Data section start

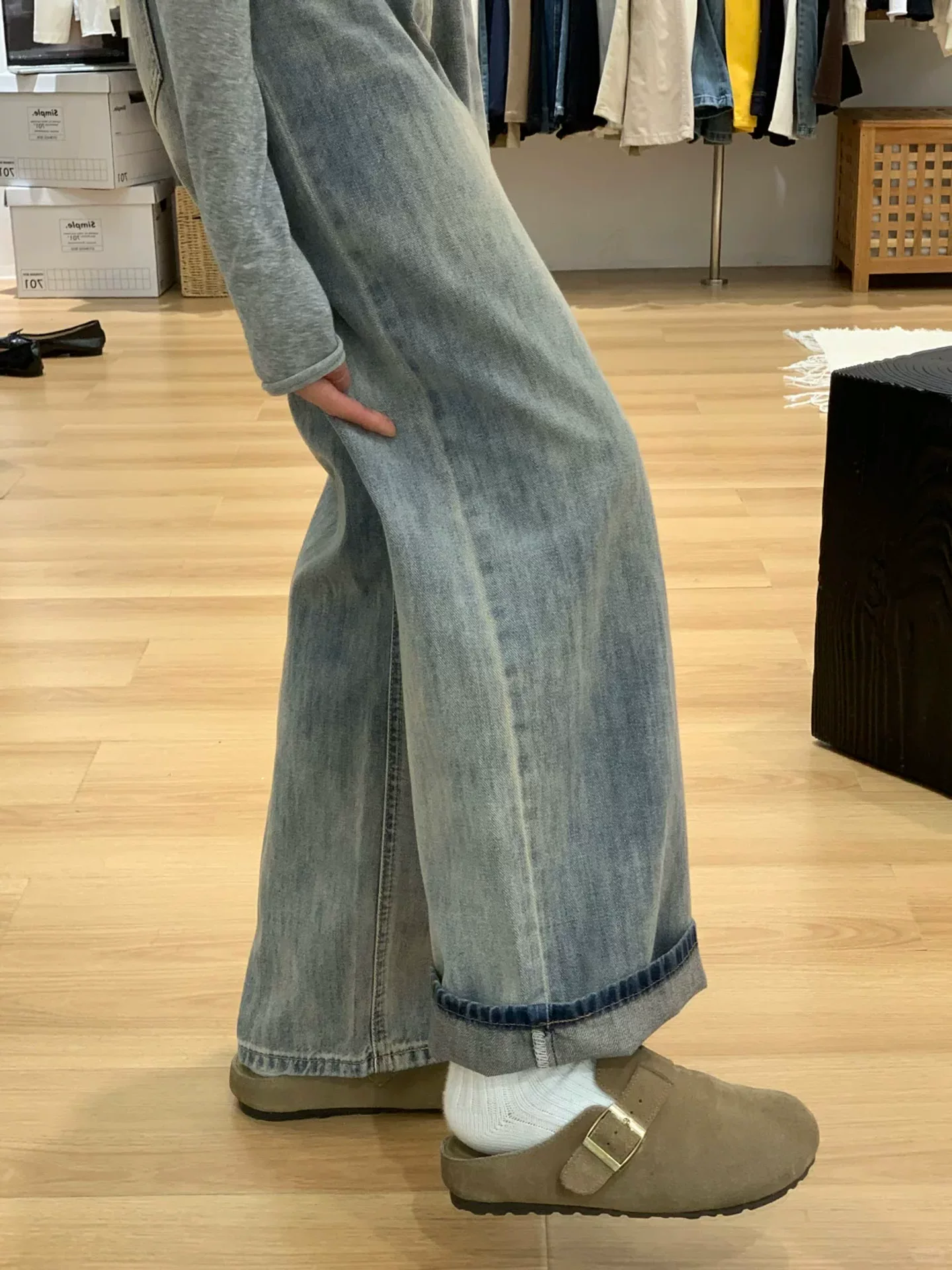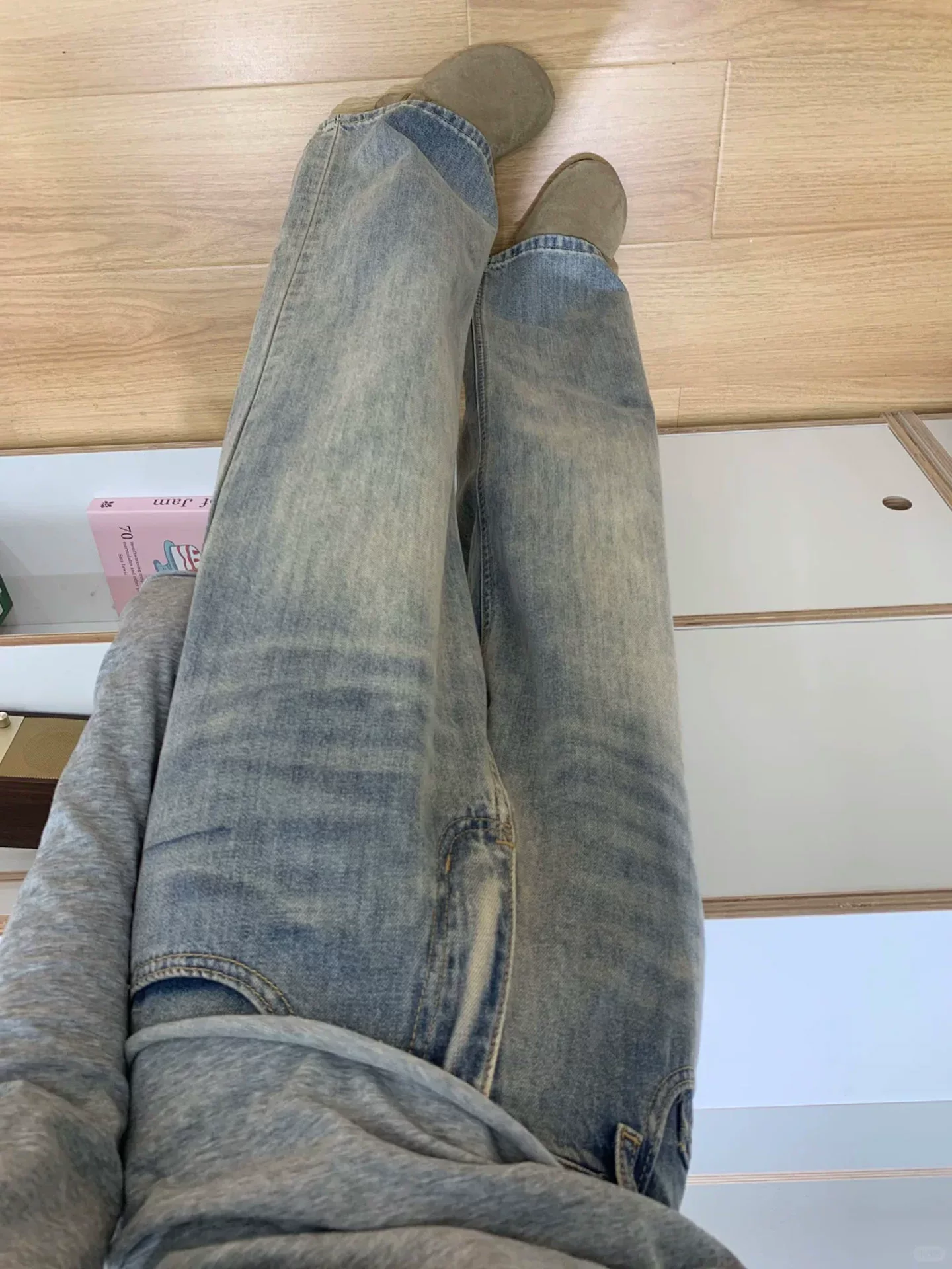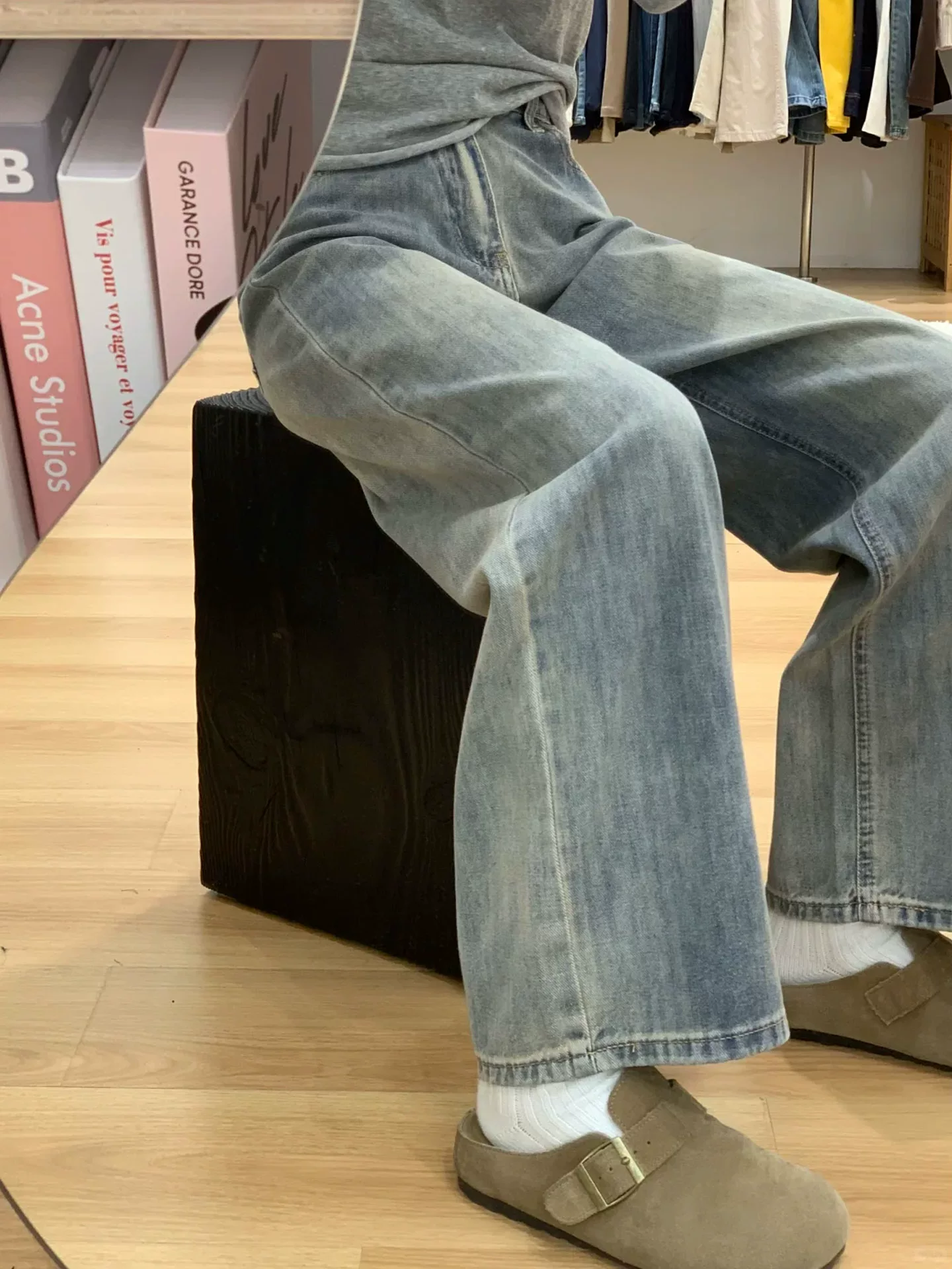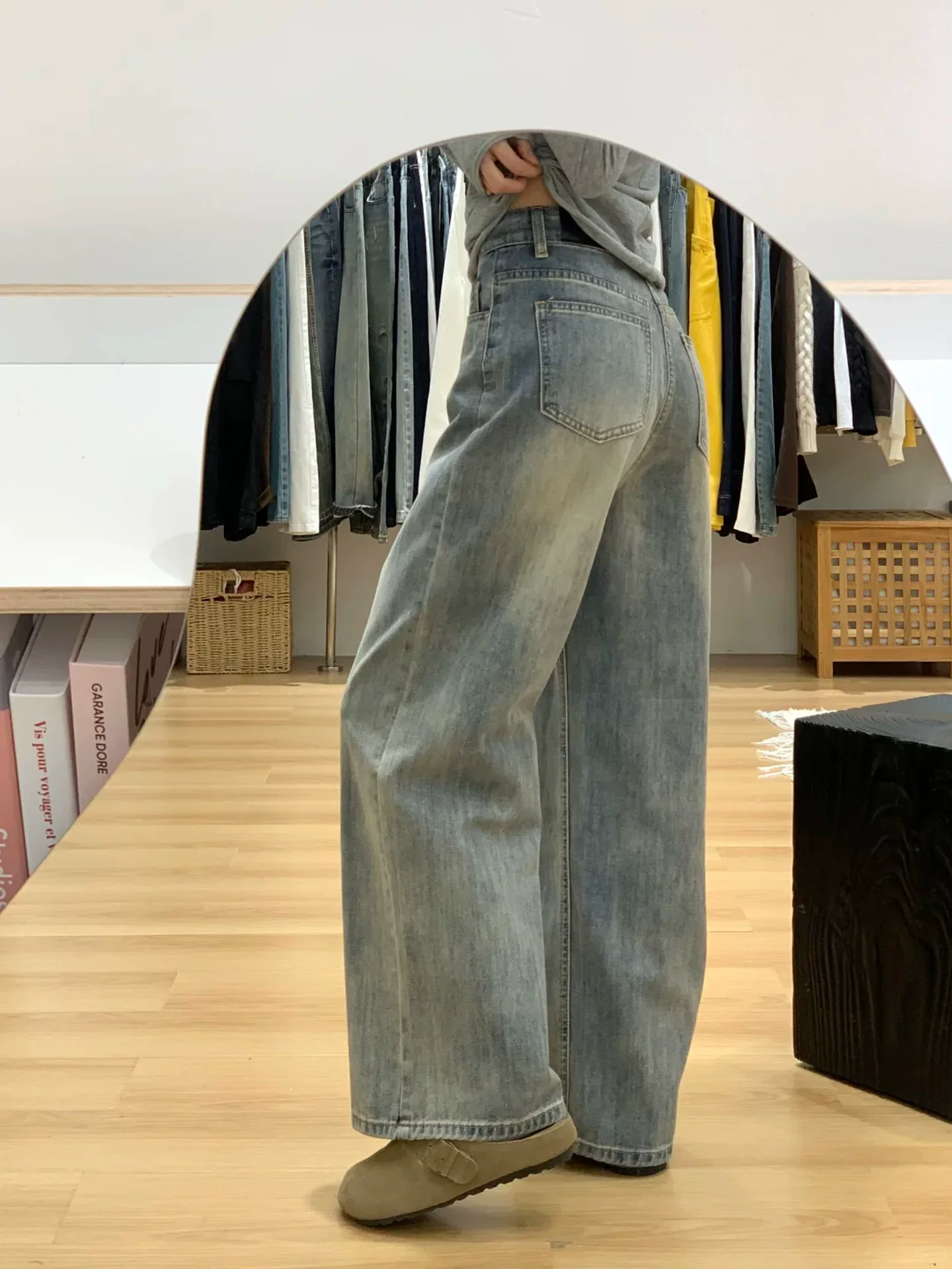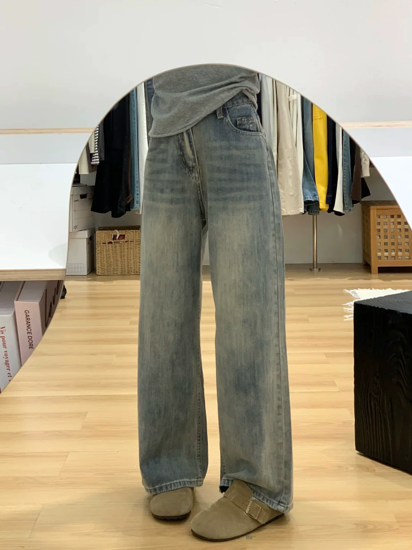 Quần jean ống đứng màu xanh cổ điển dành cho nữ, phong cách đầu thu, cỡ lớn, lưng cao, dáng rộng, tôn dáng, dáng quả lê, quần ống rộng
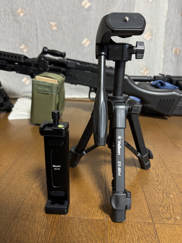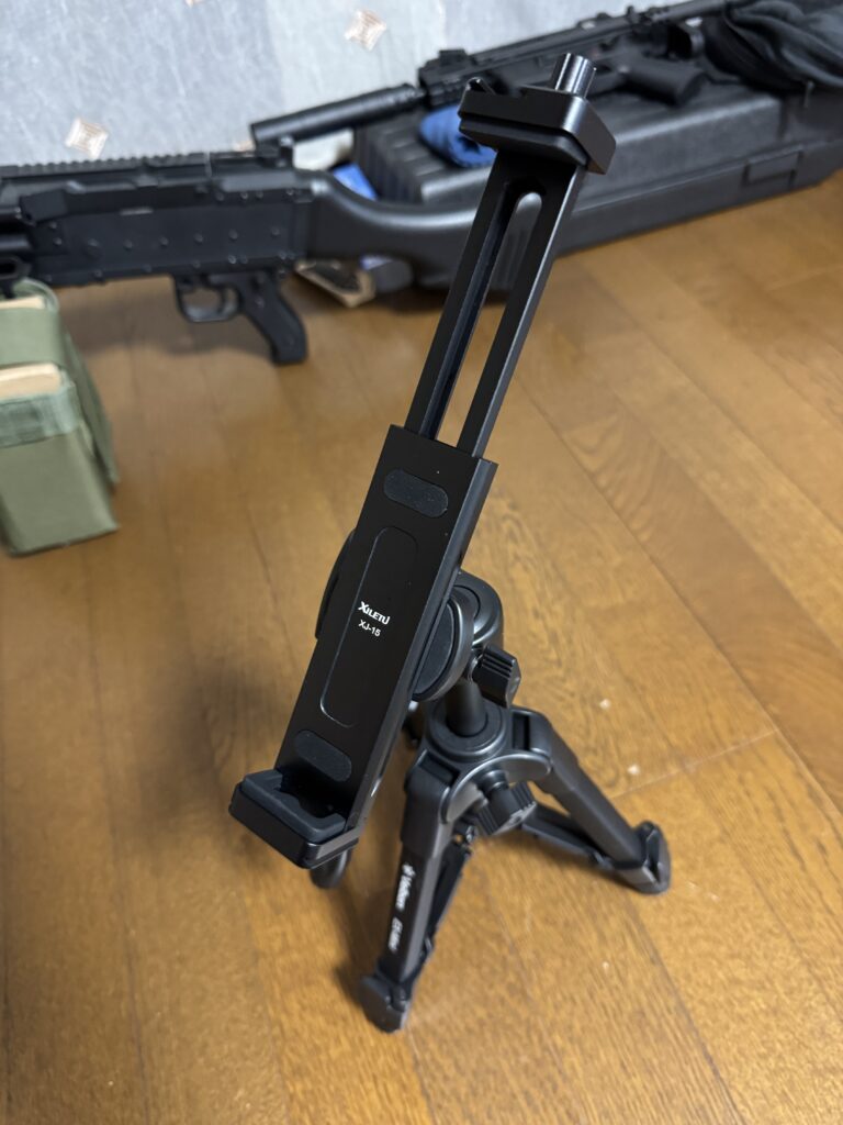 三脚にタブレットホルダーをつけた状態。この時点でも結構しっかりと固定されてますし、三脚もブレる気配がありません。さすがはベルボン製。
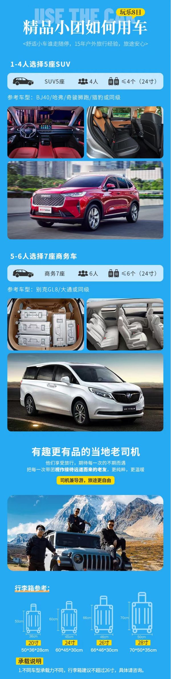 (7)沿途可能出現堵車、修路等不可抗因素導致用餐地點時間不穩定,建議大家提前備好充饑零食。
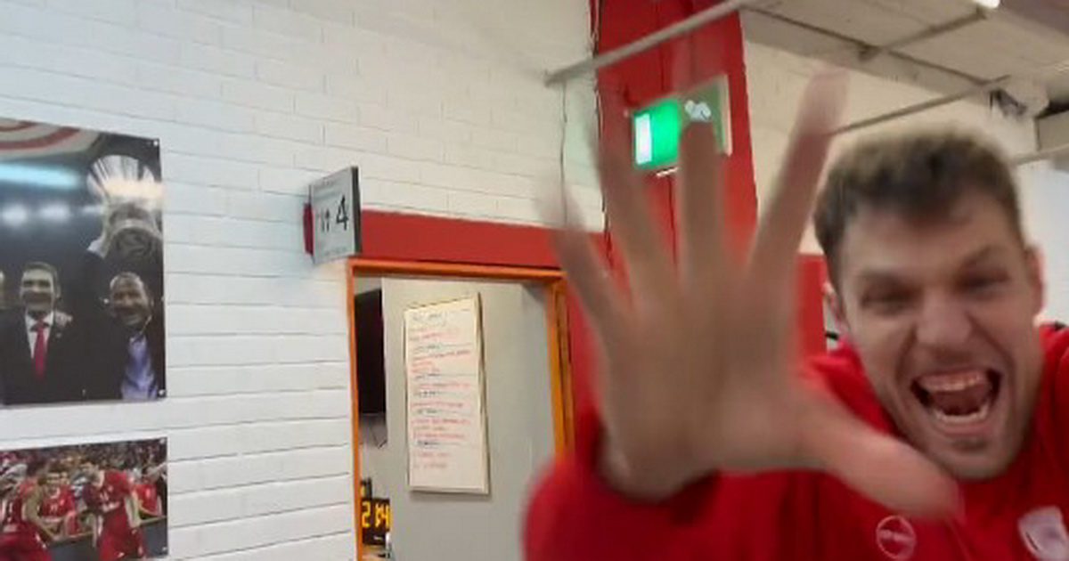 Αυτή τη φορά, το.. θύμα του Σάσα Βεζένκοβ, στο γνωστό “ερυθρόλευκο” τελετουργικό πριν την είσοδο της ομάδας στο παρκέ του ΣΕΦ, δεν ήταν κάποιος συμπαίκτης του Βούλγαρου φόργουορντ, αλλά η… κάμερα του OlympiacosBC TV.
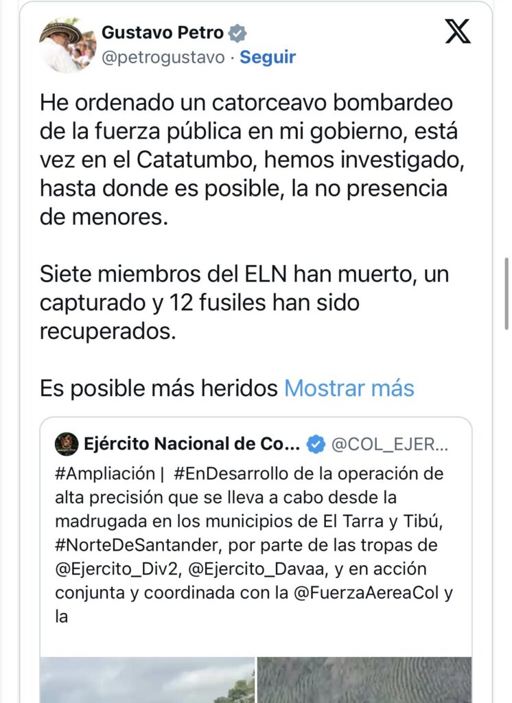 El pronunciamiento del ELN se produce tras el operativo militar realizado el 4 de febrero en el Catatumbo, operación que fue confirmada públicamente por el propio presidente Petro a través de su cuenta en X. En su mensaje, el jefe de Estado informó que se trató del bombardeo número catorce ordenado durante su gobierno, asegurando que se investigó la no presencia de menores en la zona.
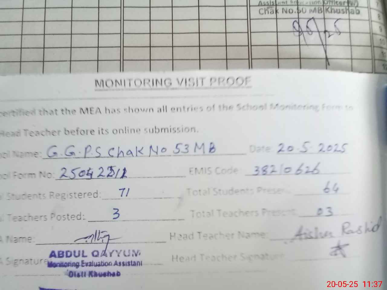 | EMIS Code: 38210626 | Name of School: GGPS CHAK NO. 53 MB | |||
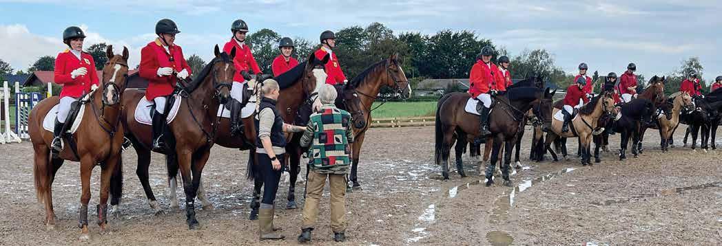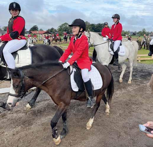 Et flot skue Lørdag var 65 heste og deres ryttere - klædt i røde jakker, hvide bukser og sorte støvler mødt op til morgenparole på Stald Torpegård i Sulsted.
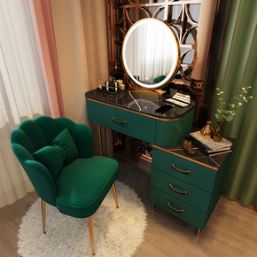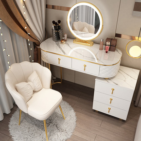 轻奢岩板梳妆台小型实木卧室现代简约2021年新款极...

Data section end

[Your assignment] An exact reprint of every record is required, with the pictures omitted.

[Output below]
 Quần jean ống đứng màu xanh cổ điển dành cho nữ, phong cách đầu thu, cỡ lớn, lưng cao, dáng rộng, tôn dáng, dáng quả lê, quần ống rộng
 三脚にタブレットホルダーをつけた状態。この時点でも結構しっかりと固定されてますし、三脚もブレる気配がありません。さすがはベルボン製。
 (7)沿途可能出現堵車、修路等不可抗因素導致用餐地點時間不穩定,建議大家提前備好充饑零食。
 Αυτή τη φορά, το.. θύμα του Σάσα Βεζένκοβ, στο γνωστό “ερυθρόλευκο” τελετουργικό πριν την είσοδο της ομάδας στο παρκέ του ΣΕΦ, δεν ήταν κάποιος συμπαίκτης του Βούλγαρου φόργουορντ, αλλά η… κάμερα του OlympiacosBC TV.
 El pronunciamiento del ELN se produce tras el operativo militar realizado el 4 de febrero en el Catatumbo, operación que fue confirmada públicamente por el propio presidente Petro a través de su cuenta en X. En su mensaje, el jefe de Estado informó que se trató del bombardeo número catorce ordenado durante su gobierno, asegurando que se investigó la no presencia de menores en la zona.
 | EMIS Code: 38210626 | Name of School: GGPS CHAK NO. 53 MB | |||
 Et flot skue Lørdag var 65 heste og deres ryttere - klædt i røde jakker, hvide bukser og sorte støvler mødt op til morgenparole på Stald Torpegård i Sulsted.
 轻奢岩板梳妆台小型实木卧室现代简约2021年新款极...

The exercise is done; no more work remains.